Body weary and mentally exhausted, I am digging deep into my mind to find a way to best describe my true feeling about the Ashes series.

In what has been the pinnacle of my career, I have enjoyed the cricket in this battle more than any I have been fortunate enough to play in before.

It was brilliant, old fashioned, hard, tough cricket that was as enjoyable as it was taxing.

Brett Lee and Justin Langer
Langer and Lee look on as England celebrate
There was hardly a minute throughout where the intensity wasn't at a level that has exceeded most contests I have been a part of in the past.

Regardless of the final result, I am immensely proud to have been one of the players involved in this series, which has brought this wonderful game into the forefront of people's minds both in England and in Australia.

I am also proud to have been a part of a series that was played in such great spirit.

There was a sense of humility between both teams; a reflection of the enormous respect developed over 10 weeks of cut-throat, nail-biting cricket that was as much a test of nerve and temperament as it was a game between bat and ball.

Cricket has a way of uncovering character in people and over the course of this series many heroes have emerged.

It has also been very interesting for me to see how people have reacted under this extra pressure.

More can be learned about character when times are tough than when the atmosphere is one of comfort and cotton wool.

Having won almost everything in the last five years, there have been times when we have hardly been tested.

Now that we have, it could turn out to be the best thing that has happened to Australian cricket for a long time.

There haven't been any ticker tape parades or fanfare for years for our team. It has almost been taken for granted that we will keep winning. In some series it has been this expectation that has caused the most angst.

Of course we all love winning more than losing but in this series I can say without hesitation that there is no disgrace in being beaten by a team whose unity and talent is undeniable.

Even when England may have folded on Monday and given us an opportunity, they held firm, wrestled the momentum and eventually wore us out of the contest
It would be easy to sit and make excuses or find reasons why we have lost this series but full credit must go to England.

In the past Australia have felt sustained pressure brings about a disjointed and hesitant England outfit, but in this series there has been a sense of an entirely different attitude.

Even when England may have folded on Monday and given us an opportunity, they held firm, wrestled the momentum and eventually wore us out of the contest.

Ironically this was achieved by two players who epitomise this 'new England'.

The flashy, super-confident Kevin Pietersen played one of the best Test innings I have ever seen. Everything considered, his brutal display was quite simply amazing.

At the other end was the worker, the not so flashy but incredibly efficient Ashley Giles.

As he has done many times before, he battled away with no fuss, before eventually walking over the line, this time with the Ashes in his hand.

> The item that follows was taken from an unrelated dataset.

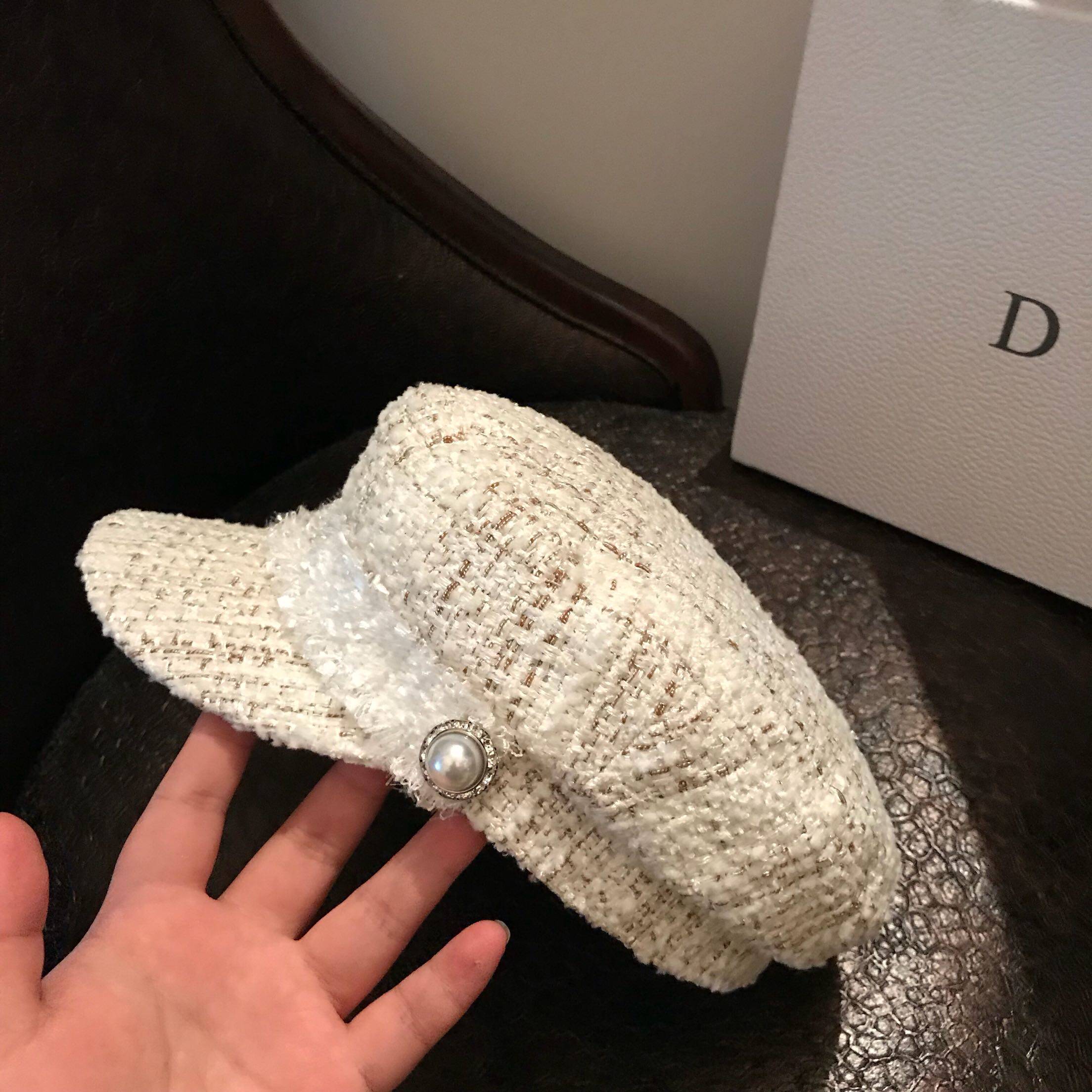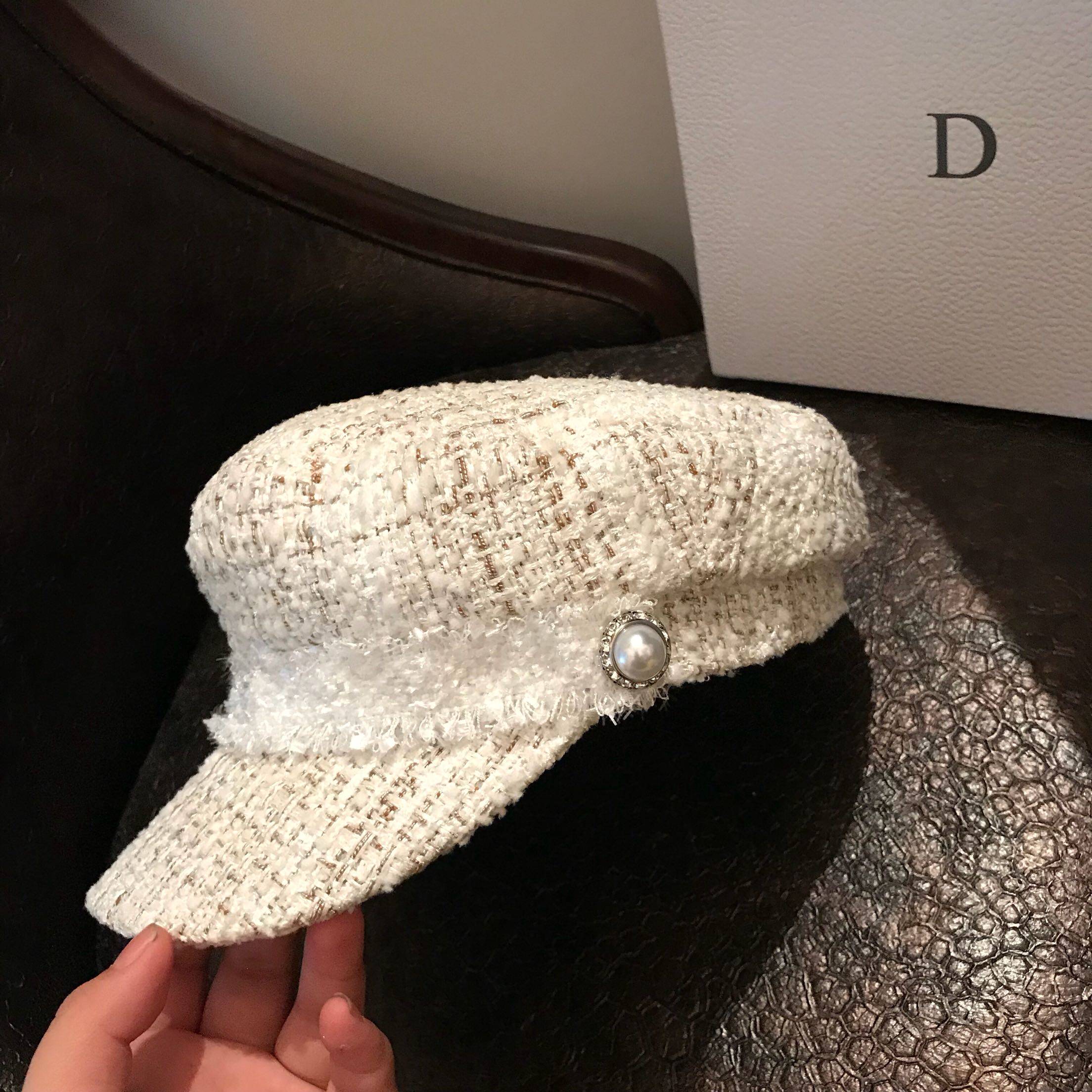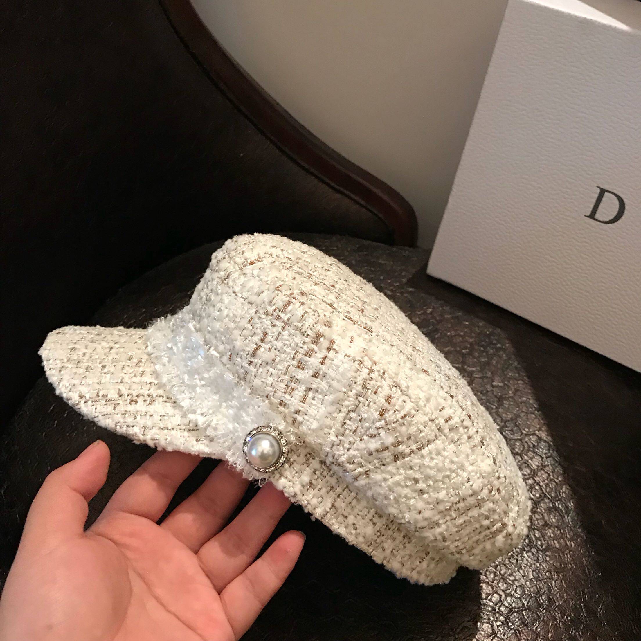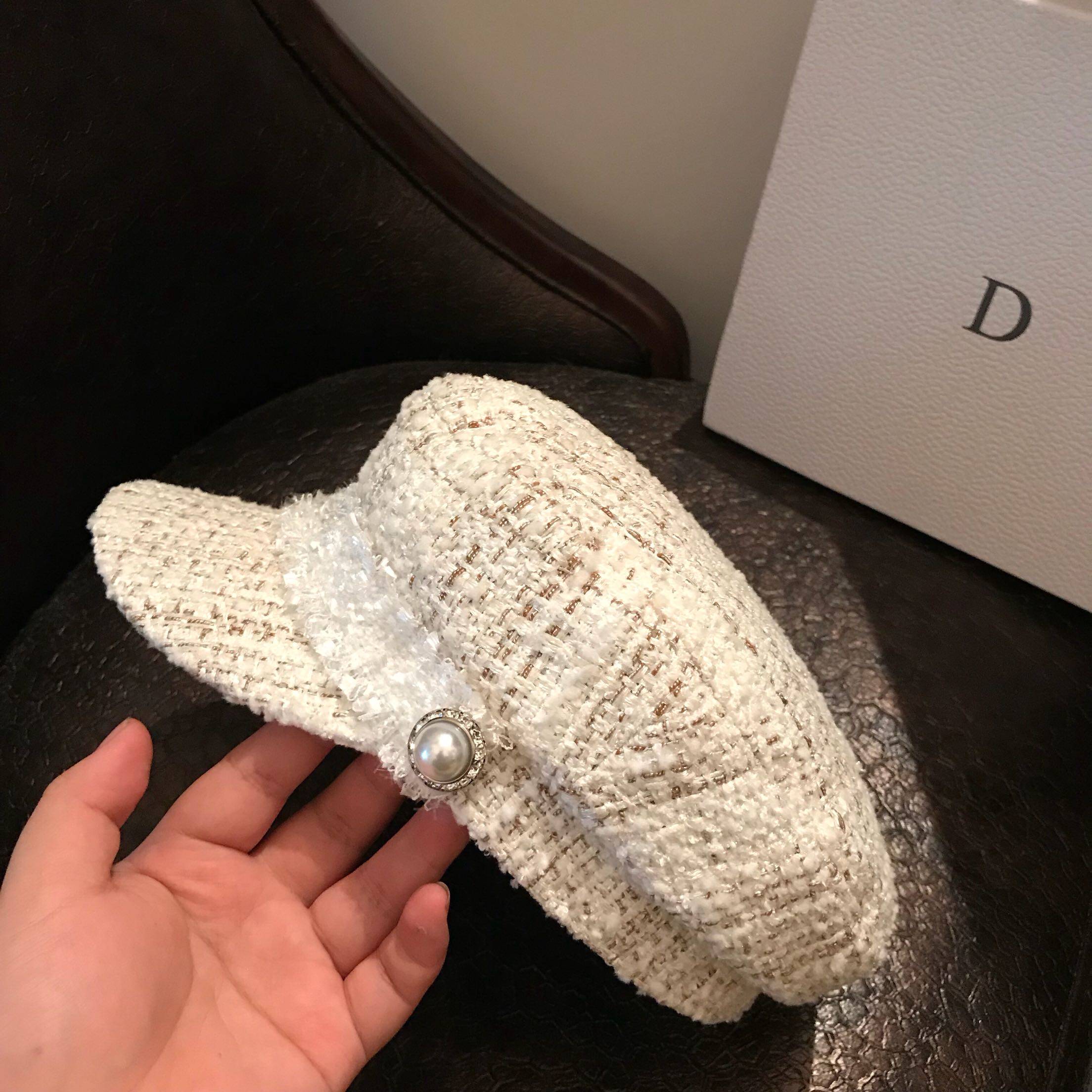 Inglées Fashion Coarse Flowers Fashion Cap Woman 100 hitch a winter duck tongue cap rice white name Yuanyan Berehat tide

Much has been said about Andrew Flintoff's supreme effort over these five Tests but it was England's unity that caused us the greatest obstacle.

While we had a few brilliant performances throughout - Shane Warne in particular - the glaring difference to me was that England's team clicked together better than we did.

No doubt there will be more analysis about this series but for now it is time to rest up and reflect on one of the greatest times and lessons of my career.

I hope you have enjoyed it as much as I have.